The Supreme Court will meet next month to decide whether to hear the appeal of a D.C. man serving 18 years in prison on a $600 drug deal — a case championed by civil liberties groups, who say it provides a case study in judicial overreach.
The appeal by Antwuan Ball, along with two co-defendants, is the latest challenge against a practice called acquitted conduct sentencing, which lets judges mete out tougher sentences based on findings that jurors rejected.
Ball, Desmond Thurston and Joseph Jones were convicted of street-level drug deals after a six-month racketeering trial that saw jurors reject a host of far more serious charges including murder, conspiracy, assault and drug trafficking charges.
But when they were sentenced, U.S. District Court Judge Richard W. Roberts made a formal finding that, despite the jury’s verdict, all three men took part in a drug conspiracy. That increased their sentences drastically.
Jones, for example, was convicted of two street-level drug transactions worth $35 and was sentenced to 17 years in prison.
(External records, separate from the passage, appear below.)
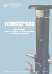 TONISCO B30 ® TONISCO Jr. ® OPERATION MANUAL DN20 (3/4") - DN100 (4") Hot Tapping Machine DN40(1 1/2") - DN200 (8") Hot tapping machine for TONISCO Hot Tapping Valves TONISCO System Oy TONISCO System Oy Kalkun kehätie 19 Kalkun kehätie 19 33330 Tampere FINLAND 33330 Tampere FINLAND Tel. +358 3 2611 724 Tel. +358 3 2611 724 www.tonisco.com www.tonisco.com TONISCO® B30 Hot Tapping Machine Page 1 4.1 4.1.1 4.1.2 4.1.3 4.1.4 4.2 4.2.1 4.2.2 4.2.3 4.2.4 4.2.5 4.3 4.3.1 4.3.2 4.3.3 4.3.4 4.3.5 4.3.6 4.4 4.5 4.6 Content Safety Instructions General Safety Requirements Safety Requirements at the Workside Special Risks The Significance of Symbols Used Safety Description TONISCO B30 Hot Tapping Machine Area of Use Specifications of the TONISCO B30 Drilling Device The TONISCO B30 in Combination with TONISCO Hot Tapping Valves Operational Instructions Branch Preparations before the Hot Tapping Removing the insulation Adjusting the Hot Tapping Valve Welding of the Hot Tap Valve to the Main Line Test the Valve Assembly of the Drilling Device Drilling Shaft Assembly for Hole Saws <100mm Drilling Shaft Assembly for Hole Saws >100mm Assembly of the Device to TONISCO Valve Installing the Feed Unit Installing the Drive Unit The Hot Tapping Process Pressure Test Starting the Driling Process Adjusting the Feed Releasing the Feed Unit Closing the Valve and Releasing the Pressure Disassembling the Machine Creating the New Branch Maintanance Plan and Spare Part List Using the Chain Block Page 1 2 2 3 4 4 5 5 5 7 8 8 8 8 8 9 9 9 10 11 12 12 13 13 14 15 17 17 18 18 19 22 A1 A2 A3 Attachments: Safety Instructions in Regards to the Electrical Driving Unit Warranty Terms & Coverage of the TONISCO Pipeline Hot Tapping Devices EC.Declaration of Conformity 23 24 25 1. 2. 2.1 2.2 2.3 2.4 3 3.1 3.2 3.3 4 TONISCO® B30 Hot Tapping Machine Page 2 2. Safety Instructions The user is well adviced to follow the safety instructions given in this manual. No warranty is given for incorrect usage of the equipment or applications outside the scope of the TONISCO user manuals ! If any questions occur or if you are unsure about certain aspects regarding the TONISCO hot tapping machines, please don't hesitate to contact TONISCO System Oy for support. It is recommended to limit the pressure in the system to 6-8 bar during the operation. 2.1. General Safety Requirements In the following user manual, the general and specific saftey instructions for the TONISCO B30 hot tapping machine are given and explained. The user is well adviced to read, understand and follow theses instructions carefully. Generally, only qualified and trained personal is allowed to execute hot tapping works with TONISCO hot tapping machines. Among the operators there should be a control system to ensure that the skills and knowledge of the right operation procedures are known and respected by all the working personnel taking part in hot tapping works. This user manual consists of 24 pages and has to always be available during the drilling works. It is NOT allowed to use the device outside the application area described in this user manual without the permission of drilling device manufacturer TONISCO System Oy. Be aware that additional requirements can be given at the specific workside ! For a safe usage of the equipment is essential to take the following general points into account: • Never use the machine without beeing aware of the hazards. Take all the aspects from this user manual and additional requirements into account ! • The staff must have adequate skills and training in all the necessary phases of the hot tapping work as well as in handling the equipment in question. • Make sure that you always have a copy of this user manual with you which is available during the WHOLE hot tapping process ! The Instruction may be downloaded from the manufacturers www-site (http://www.tonisco.com). • The application area for this device is limited to water based liquid fluids of fluid group 2 according to PED 97/23/EG. The system parameters shall never exceed 200 °C and/or 40 bar of pressure. See chapter 3 at what temperature and pressure the TONISCO B30 device can be used. It is recommended to reduce the pressure in the system to 6-8 bar during the operation. • Make sure that the chosen adapter including sealings is suitable for the system pressure, fluid type and temperature. • Always make sure that the equipment is not damaged before starting the hot tapping process. Only equipment in excellent condition shall be used. NEVER use the equipment if significant damages are observed ! • Handle the device carefully. Don't drop the machine and keep the tools clean • Only use original TONISCO spare parts for your own safety • Wear ear protection and a helmet • Do not change the two body parts or the body joint screws in the device TONISCO® B30 Hot Tapping Machine Page 3 • Any technical change at the hot tapping machine is NOT permitted ! • Wear suitable work clothes. Do not wear loose clothing or jewelry as they can be caught in moving parts. For the protection from hot fluid, wear heat resistant clothes, gloves and saftey glasses ! • Use common sense all the time in what you do - do not use the machines if you cannot fully concentrate on the work in question ! • Read and follow the instruction manual for using the chain block. Be carful not to squeeze your hand during the work. • Take the general accident prevention regulations into account. • Take the instructions for motor driven machines into acount. Consider especially the hazards from electric current and moving parts (attachment 1). The electric drive shall NEVER get wet. 2.2. Safety Requirements at the Workside The following aspects have to ALWAYS be checked at the workside BEFORE using the TONISCO B30 drilling device ! For drillings in district heating pipelines in Germany, the AGFW directive 432 has to be considered. •ALWAYS make sure that it is possible to close the chosen val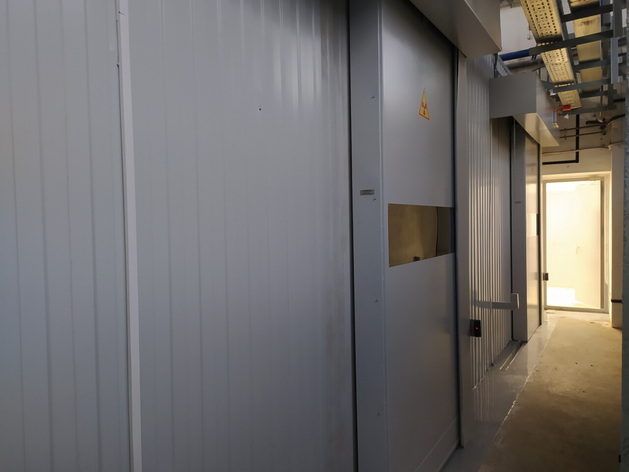 Двери имеют трехслойное исполнение из оцинкованного металла, заполненного свинцовыми пластинами с терморасширяющимся и резиновым уплотнителями от холодного дыма по периметру. Могут быть оборудованы блокировками, обеспечивающими прекращение генерации рентгеновского излучения при открывании любой двери в защитную камеру.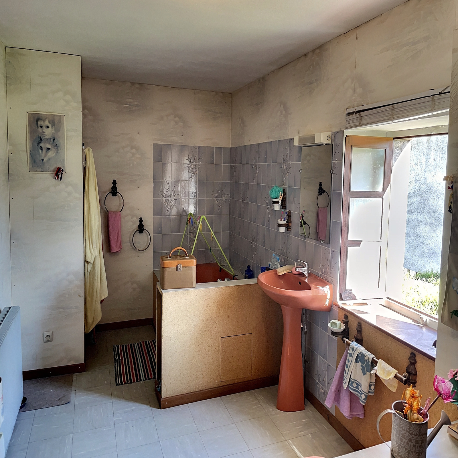 Au rez-de-chaussée : entrée (13 m² env), cuisine (18 m² env), séjour avec insert (32 m² env), une 1ère chambre (28 m² env) avec placard mural, salle d'eau (8.5 m² env).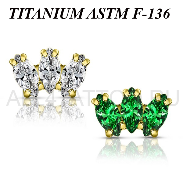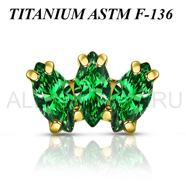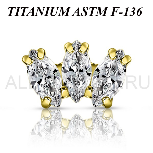 Накрутка из имплантационного титана 6Al-4V-Eli ASTM: F-136 с золотым PVD покрытием. Украшена тремя фианитами огранки "маркиз". Размер накрутки: 5,5х3мм. Подходит для украшений с внутренней резьбой толщиной 1 и 1,2 мм.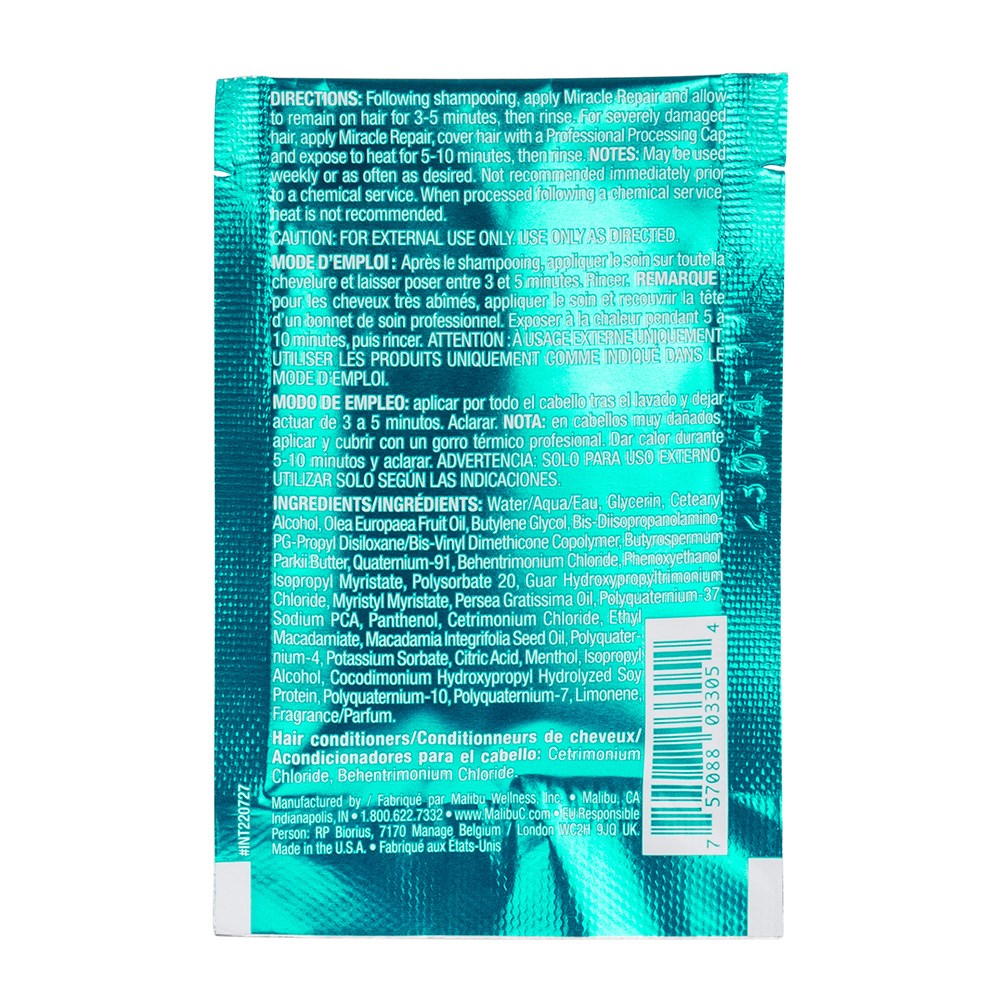 Malibu C Miracle Repair Cooling Hair Treatment 12pc seeks out hair’s weak areas and is an essential step of the unrivalled Malibu C Head Lab. Immediately repair weak, damaged hair. Restore manageability and instantly detangle. A mega-dose of gluten-free plant proteins, including flax protein, quinoa protein and rice protein, penetrates deep into the hair shaft. Enriched with provitamin B5 for vital moisture. Nourish and protect every strand of hair against further damage. Menthol cools and also soothes the skin. 100% vegan and cruelty-free.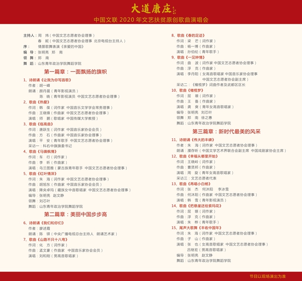 直播预告 | “大道康庄”半岛公司官方网站入口查询2020年文艺扶贫原创歌曲演唱会将于今晚举办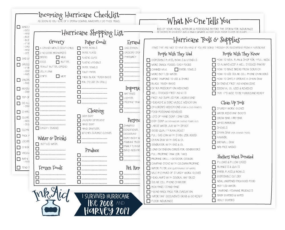 HURRICANE Prep Printable Checklists Print Your Own Storm Preparation Supplies PDF Files Prepare For Tropical Cyclone Emergency Etsy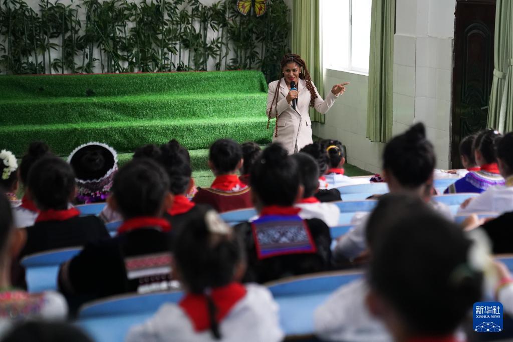 9月9日,米拉格羅薩·米查在中國-赤道幾內亞友誼小學同孩子們交流。
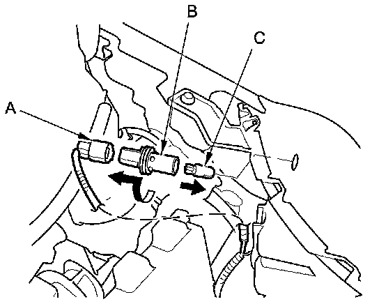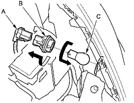 2. Turn the bulb socket (B) 45 ° counterclockwise to remove the bulb (C) from the headlight housing.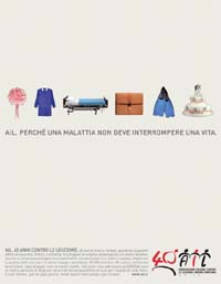 L'associazione italiana contro le leucemie, linfomi e mieloma, festeggia i suoi 40 anni di attività con una grande cerimonia presso i Giardini del Quirinale. Per l'agenzia, che firma il nuovo spot istituzionale, hanno lavorato Alfredo Ruggieri (copy), Fabrizio Grillotti (art), Anna Mochi Onori (copy) e Loredana Cusatis (art), sotto la direzione creativa di Alessandra Amigoni, e la direzione creativa esecutiva di Pietro Maestri.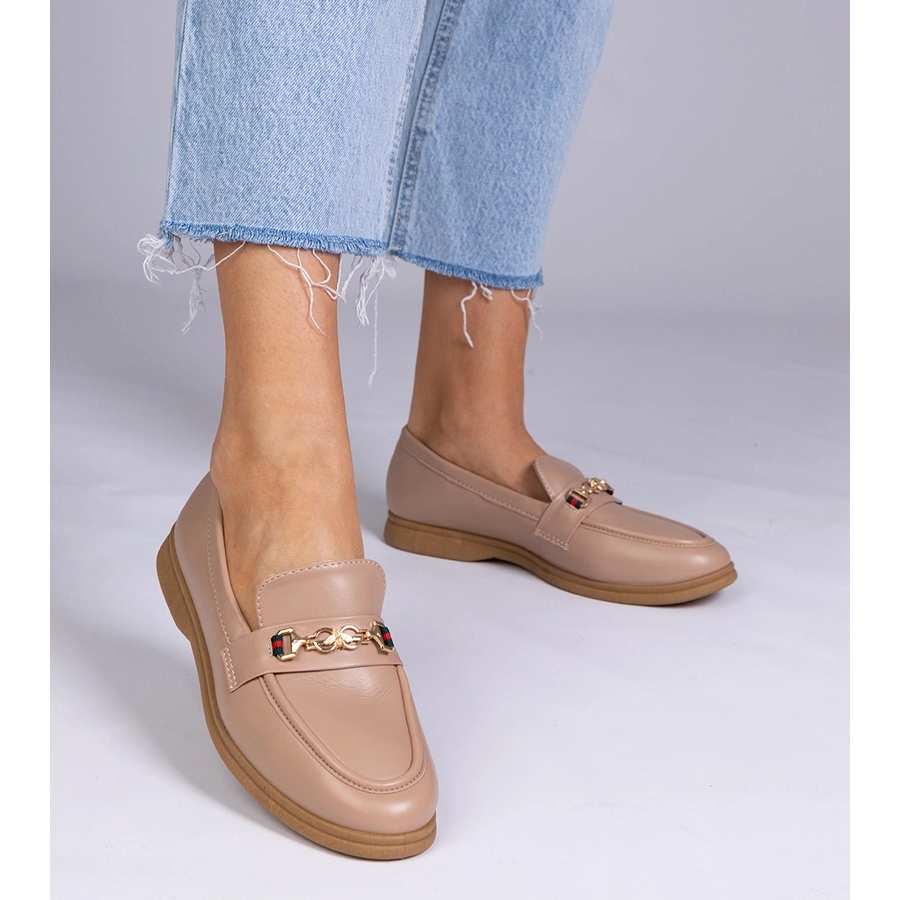 Descubra sua nova paixão por elegância e conforto com mocassins marrons com uma decoração de ouro! Esses sapatos clássicos cáqui são a escolha perfeita para todas as mulheres que querem combinar estilo com conforto nas estilizações cotidianas.

“This case presents the court with an opportunity to rule on a recurring issue in federal sentencing: Is it unconstitutional to sentence an offender primarily on facts alleged by the government and unanimously rejected by a jury?” Ball’s appeals attorney, Steve Leckar, wrote in an email to The Washington Times.
Ball’s case, covered in a series of articles in The Times, has received scant attention in Washington, but legal scholars and judges have followed it closely.
The Cato and Rutherford institutes have filed briefs on behalf of Ball, urging the court to take up the case over concerns about what they called “carte blanche” powers being given to federal judges.
But Solicitor General Donald Verrilli Jr. argued in the government’s brief that the law allows judges to take all sorts of conduct into consideration when sentencing defendants. And, unlike juries, which must find facts beyond a reasonable doubt, judges need only make findings based on a preponderance of the evidence.
The government says guidelines are advisory, not mandatory, and the statutory range for distribution of 5 or more grams of crack cocaine is five to 40 years.
Attorneys for the three convicted men say letting judges make factual findings in defiance of a jury’s conclusions would render the jury trial system impotent.
If Ball were sentenced solely on the charge he was convicted of at trial, he would have faced a maximum of 71 months in prison under federal sentencing guidelines.
Instead, once Judge Roberts found Ball took part in a conspiracy, the sentence more than tripled.
A circuit court rejected Ball’s appeal earlier.
It’s clear that at least one Supreme Court justice is interested in Ball’s appeal. Many petitions are tossed without comment by the high court. But after Ball and the other two convicts filed a brief, the court asked the Justice Department to respond and later put the case on the calendar for a conference in late September.